長く…長く…。名残惜しそうに口を離した。
「いいの?あたしでも…。」
「…ええ…もしよかったら…付き合って欲しいです…。」
「あら…んふふ…。んふふ…。」
それから、二人でいろんなところに行った。
サッカーも観戦に行った。
レースも見に行った。
映画館、水族館…。
しかし、もう一歩を踏み出せなかった。
食事を終え、ホテル街を歩く二人…。
弓美が話すのは食事をしたレストランのことだった。
「ん~…いまいちだったねぇ。
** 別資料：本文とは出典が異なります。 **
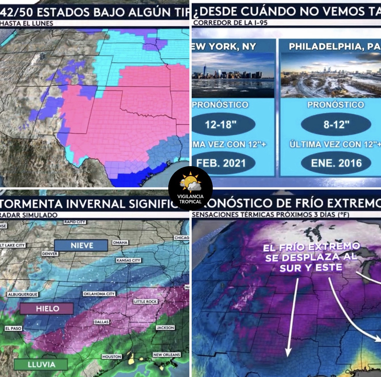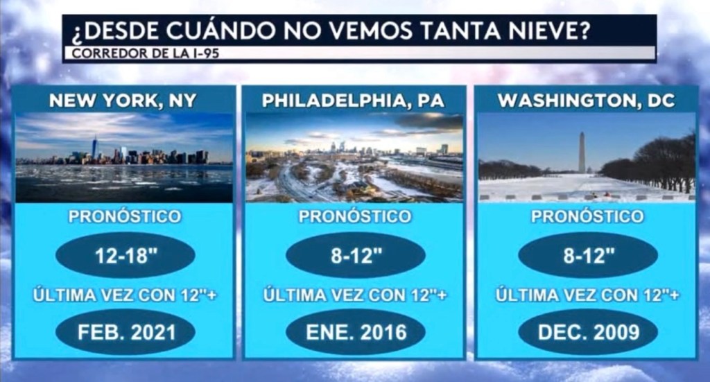 •Nuestra próxima tormenta invernal pudiera estar trayendo acumulados significativos de nieve al corredor de la I-95 que no hemos visto en más de una década en algunas de nuestras ciudades más grandes. El pronóstico actualmente indica que se pudieran acumular entre 12 a 18 pulgadas en la ciudad de Nueva York y entre 8 a 12 pulgadas en Philadelphia y Washington, DC; ¡lo que pudiera ser la primera vez que cada una de estas ciudades reciben al menos un pie de nieve en 5 años, 10 años, y 17 años, respectivamente! La última vez en la ciudad de Nueva York fue en febrero del 2021, Philadelphia en enero del 2016, y Washington DC en diciembre del 2009.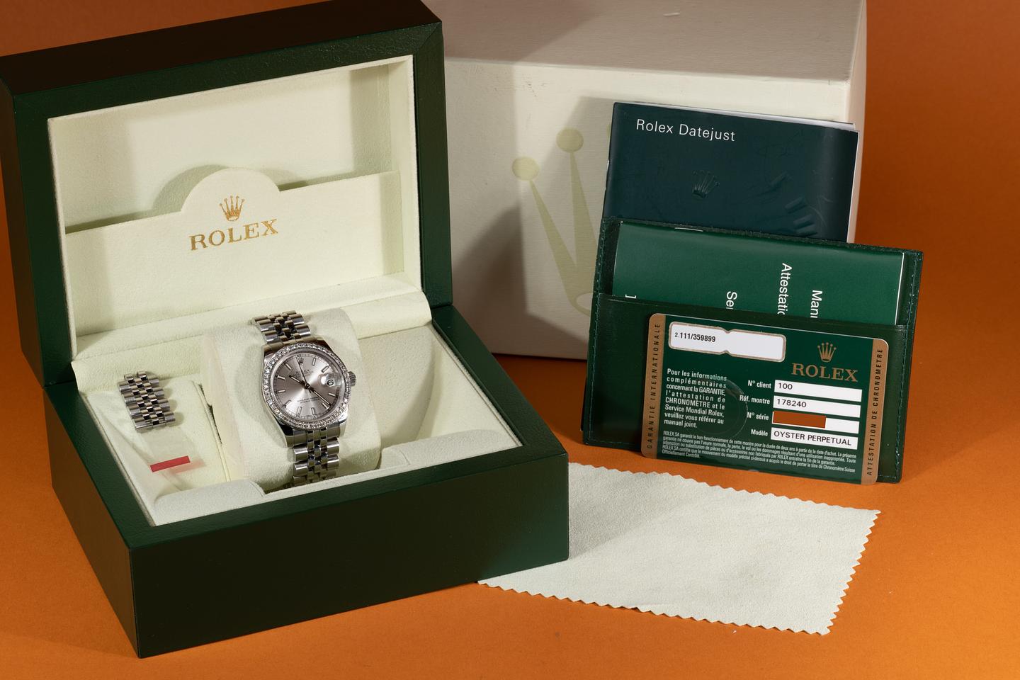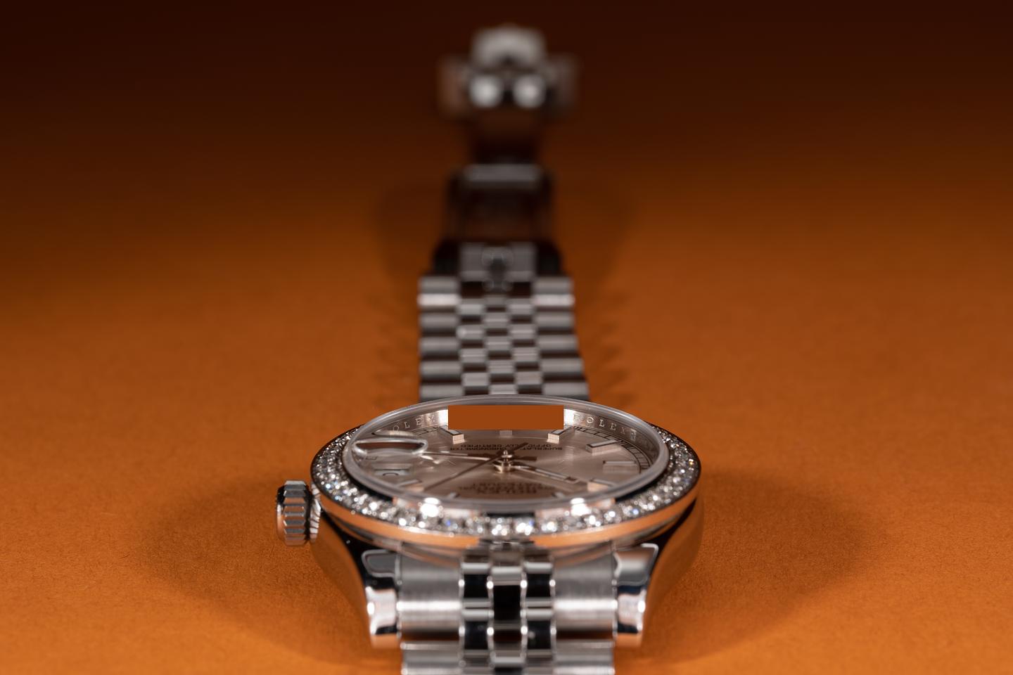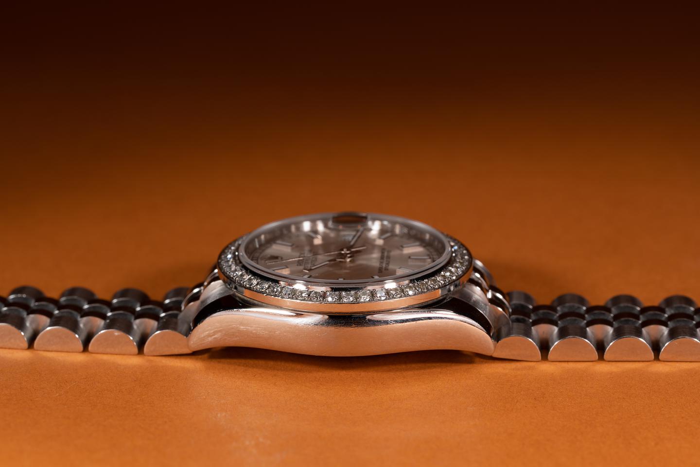 Case: The 31mm midsized case is excellent showing only light wear from use. The aftermarket 18k white gold and diamond bezel is also in excellent condition showing only very light wear from use.

やっぱりユキオの料理の方がいいわ。」
「うーんそうだね~。」
「今度、うちに来て作ってくれない?ユキオは実家でしょ?だから…。」
「え?いいの?」
「いいよ~。1階は父の店なんだけどね…2階はあたしの家。ちゃんとキッチンもあるよ!」
「いいな~。」
「じゃ、約束ね!」
と、彼女はうれしそうに手を打った。
「…ユミ…?」
「え?」
「よかったら…入らない…?」
一つのホテルを小さく指さしながら、確認をとる…。
弓美は驚いたように、
「あ…ここ…。」
「ウン…。」
「うーん…。」
「………。」
「…あたし…下はまた完全なオトコ…なのよ?」
「ウン…。」
「それでもいいんなら…。」
「ウン…逆に、ユミにオレを見てほしい。」
「…うん…じゃぁ…。」
ホテルの一室に入る二人…。
「…どうする?」
「…ユミ…」
幸男は、上着を脱ぎ始めた。
肌着を脱いだとき、胸に巻かれたサラシ…。
「???」
「弓美…これがオレなんだ…ほんとうのオレ…。」
そういって、サラシをはずす…。
そこには、弓美の胸にあるのと同じものがついていた…。
「黙っててゴメン…。オレ…。心は男だけど…中身は…。」
「…あは…あはは…。」
「ユミは、今まで出会った誰よりも最高の女なんだ。オレのことも弓美にそう思って欲しいんだ。」
「…ゴメン…急に、いろいろ考えられない…。」
「ウン…そうだよな…。」
「ん………ゴメン。帰るね…。」
「ちょっ…ちょっと…待てよ…。」
「うん…ユキオのこと好きだよ…とっても好き…。でも…ゴメン。今日は帰る…。」
「…そうか…そうだよな…。」
弓美は、黙って部屋のドアを閉めた。
幸男は頭を抱えてベッドに座り込んだ。